P4-ROLE OF DIPEPTIDYL PEPTIDASE IV IN PERIPHERAL NEUROGENESIS AND NEUROBLASTOMAS

P4-二肽基肽酶 IV 在外周神经发生和神经母细胞瘤中的作用

• 批准号: 7609873
• 负责人: UMADEVI V WESLEY
• 金额: $ 21.77万
• 依托单位: UNIVERSITY OF VERMONT & ST AGRIC COLLEGE
• 依托单位国家: 美国
• 财政年份: 2007
• 资助国家: 美国
• 起止时间: 2007-07-01 至 2008-06-30
• 项目状态: 已结题
• 来源: https://reporter.nih.gov/project-details/7609873
• 关键词: Animal Model; Cell surface; Cells; Cessation of life; Child; Computer Retrieval of Information on Scientific Projects Database; Condition; Development; Dipeptidyl Peptidases; Enzymes; Funding; Generations; Grant; Growth; Growth Factor; Heart; Institution; Liver; Lung; Malignant Neoplasms; Neuroblastoma; Neurons; Organ; Peripheral; Peripheral Nerves; Peripheral Nervous System; Play; Process; Regulation; Research; Research Personnel; Resources; Role; Signal Transduction; Source; Stress; United States National Institutes of Health; Work; cell type; insight; neurodevelopment; neurogenesis; novel; restoration; tumor; tumor growth

This subproject is one of many research subprojects utilizing the resources provided by a Center grant funded by NIH/NCRR. The subproject and investigator (PI) may have received primary funding from another NIH source, and thus could be represented in other CRISP entries. The institution listed is for the Center, which is not necessarily the institution for the investigator. The process of differentiation plays a key role in generation of various cell types during peripheral neuronal development. Perturbation in this process leads to various pathological conditions including the development of tumors such as, neuroblastomas (NB), a child hood cancer. NB forms in the peripheral nerves that provide signals to organs such as the lungs, liver, and heart and that tell the body how to respond to stress. NB produce high levels of growth factors that promote tumor growth. Our work and work by others have identified an enzyme that sits on cell surface and degrades these cancer promoting growth factors. DPPIV is almost absent in NB derived cells compared to normal neuronal cells suggesting that DPPIV is required for maintaining the normal state of the cells, and its loss contributes to tumor development. However, role of DPPIV in development of peripheral nervous system and NB is not known. In the proposed studies, we will investigate the regulation of DPPIV expression during the development of peripheral neurons, understand how DPPIV functions, and determine if DPPIV suppresses the growth of NB cells using both cellular and animal model approaches. Our studies have shown that restoration of DPPIV in NB cells slows down their growth, causes them to become more like normal neurons and also leads to their death. These studies provide insights into the potential contribution of DPPIV to peripheral neural development and in inhibiting development of NB and may open up new avenues for developing novel treatment strategies for NB.

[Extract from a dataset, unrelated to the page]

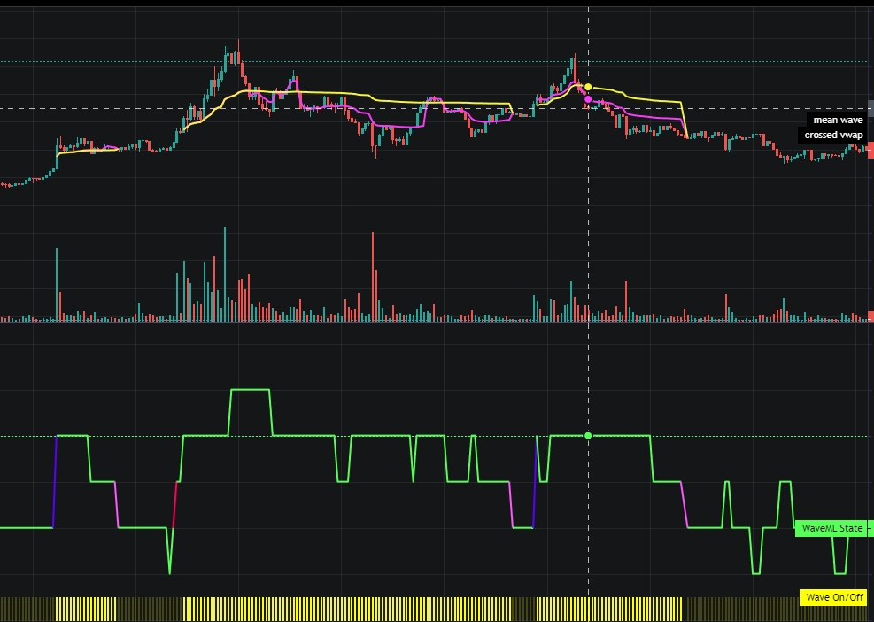 WaveVWAPCross Interpretation: The pink cross between WaveVWAP (yellow) and OHLC can help to time entries or exits by highlighting possible trend shifts, yet the direction post-cross depends on additional signals within WaveML and other indicators like WaveVWAP in dynamic support or resistance mode.

该子项目是利用该技术的众多研究子项目之一 资源由 NIH/NCRR 资助的中心拨款提供。子项目及 研究者 (PI) 可能已从 NIH 的另一个来源获得主要资金， 因此可以在其他 CRISP 条目中表示。列出的机构是 对于中心来说，它不一定是研究者的机构。 分化过程在周围神经元发育过程中各种细胞类型的产生中起着关键作用。这一过程中的扰动会导致各种病理状况，包括肿瘤的发展，例如神经母细胞瘤（NB），一种儿童癌症。 NB 形成于周围神经中，向肺、肝和心脏等器官提供信号，并告诉身体如何应对压力。 NB 产生高水平的生长因子，促进肿瘤生长。我们和其他人的工作已经确定了一种位于细胞表面并降解这些促癌生长因子的酶。与正常神经元细胞相比，NB 衍生细胞中几乎不存在 DPPIV，这表明 DPPIV 是维持细胞正常状态所必需的，并且它的缺失有助于肿瘤的发展。然而，DPPIV 在周围神经系统和 NB 发育中的作用尚不清楚。在拟议的研究中，我们将研究外周神经元发育过程中 DPPIV 表达的调节，了解 DPPIV 的功能，并使用细胞和动物模型方法确定 DPPIV 是否抑制 NB 细胞的生长。 我们的研究表明，NB 细胞中 DPPIV 的恢复会减慢它们的生长，使它们变得更像正常神经元，并导致它们死亡。这些研究深入了解了 DPPIV 对周围神经发育和抑制 NB 发展的潜在贡献，并可能为开发新的 NB 治疗策略开辟新途径。